Uncovering the origins of malignant rhabdoid tumors

HINXTON, UK & UTRECHT, The Netherlands—Researchers at the Wellcome Sanger Institute, the Princess Máxima Center for Pediatric Oncology, and their collaborators have discovered the first proof of the origin of malignant rhabdoid tumor (MRT), a rare childhood cancer. The study, which has been published in Nature Communications, found that MRT arises from developmental cells in the neural crest whose maturation is blocked by a genetic defect. The team also identified two drugs that might be used to overcome this block and resume normal development, bringing hope of new treatments for the disease.

“To be able to identify where malignant rhabdoid tumor comes from for the first time is an important step in being able to treat this disease, but to confirm that it is possible to overcome the genetic flaw that can cause these tumors is incredibly exciting,” stated Dr. Jarno Drost, co-lead author of the study from the Princess Máxima Center for Pediatric Oncology. “The fact that two drugs already exist that we think can be used to treat the disease gives us hope that we can improve outcomes for children diagnosed with MRT.”

Malignant rhabdoid tumor is a rare soft tissue cancer that predominantly affects infants. Although these tumors can arise in any part of the body, they usually form in the kidneys and the brain. MRT is one of the childhood cancers with the poorest outcomes. The rarity of MRT, combined with its aggressiveness, makes clinical trials extremely difficult to put together. Until now the origin of MRT has been unknown, and no reliably effective treatment currently exists. 

This new study sought to discover the root of MRT, in the hope of identifying new treatments for the disease. Researchers sequenced whole genomes in two cases of MRT at the Wellcome Sanger Institute, alongside corresponding normal tissues. The team then conducted phylogenetic analyses of the somatic mutations in the diseased and healthy tissue, in order to reconstruct the timeline of normal and abnormal development.

The analyses confirmed that MRT develops from progenitor cells on their way to becoming Schwann cells — a cell type found in the neural crest — due to a mutation in the SMARCB1 gene.
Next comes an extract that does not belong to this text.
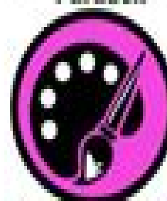
Temporal Artistic Influence Paradox
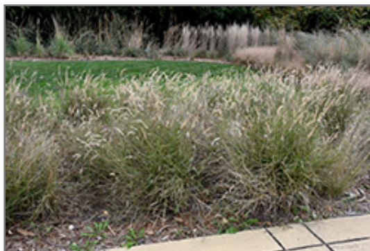
Karley Rose Oriental Fountain Grass fruit

This mutation blocks the normal development of these cells, which can then go on to form MRT.

Researchers at the Princess Máxima Center inserted the intact SMARCB1 gene into patient-derived MRT organoids to successfully overcome the maturation block that had prevented normal development and led to cancer. Based on single-cell mRNA analyses and predictions made from these experiments, the researchers then identified two existing medicines that can overcome the maturation block, and could potentially be used to treat children with MRT.
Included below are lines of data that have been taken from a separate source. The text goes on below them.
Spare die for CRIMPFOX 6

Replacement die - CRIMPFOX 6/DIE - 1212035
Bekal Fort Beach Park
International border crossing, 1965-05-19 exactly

“It is fantastic to see this collaborative research bearing highly translatable outcomes in a childhood cancer with a currently poor prognosis. It emphasizes the significant benefit of a national tumor banking system, that allows collection of rarer tumors and, in turn, the best use of such precious tissue through agreement of the CCLG Biological Studies committee that oversees this resource,” noted Professor Richard Grundy, chair of the Children’s Cancer and Leukaemia Group. “For this to result in such a meaningful outcome gives new hope to children with malignant rhabdoid tumor.”
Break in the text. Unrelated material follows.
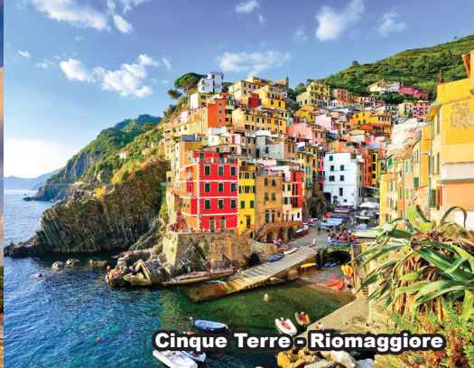
Cinque Terre - Riomaggiore

“We began our enquiry into the origins of malignant rhabdoid tumors in late 2019, so we have gone from hypothesis to discovery of origin to possible treatments for the disease in just over a year,” pointed out Dr. Sam Behjati, co-lead author of the study from the Wellcome Sanger Institute. “This was possible due to all the leading-edge tools available to us, from organoid technology to single-cell mRNA sequencing to drug screen databases. I hope this study will serve as the blueprint for discovering the origin of other childhood cancers, and ultimately lead to better outcomes for children affected by these awful diseases.”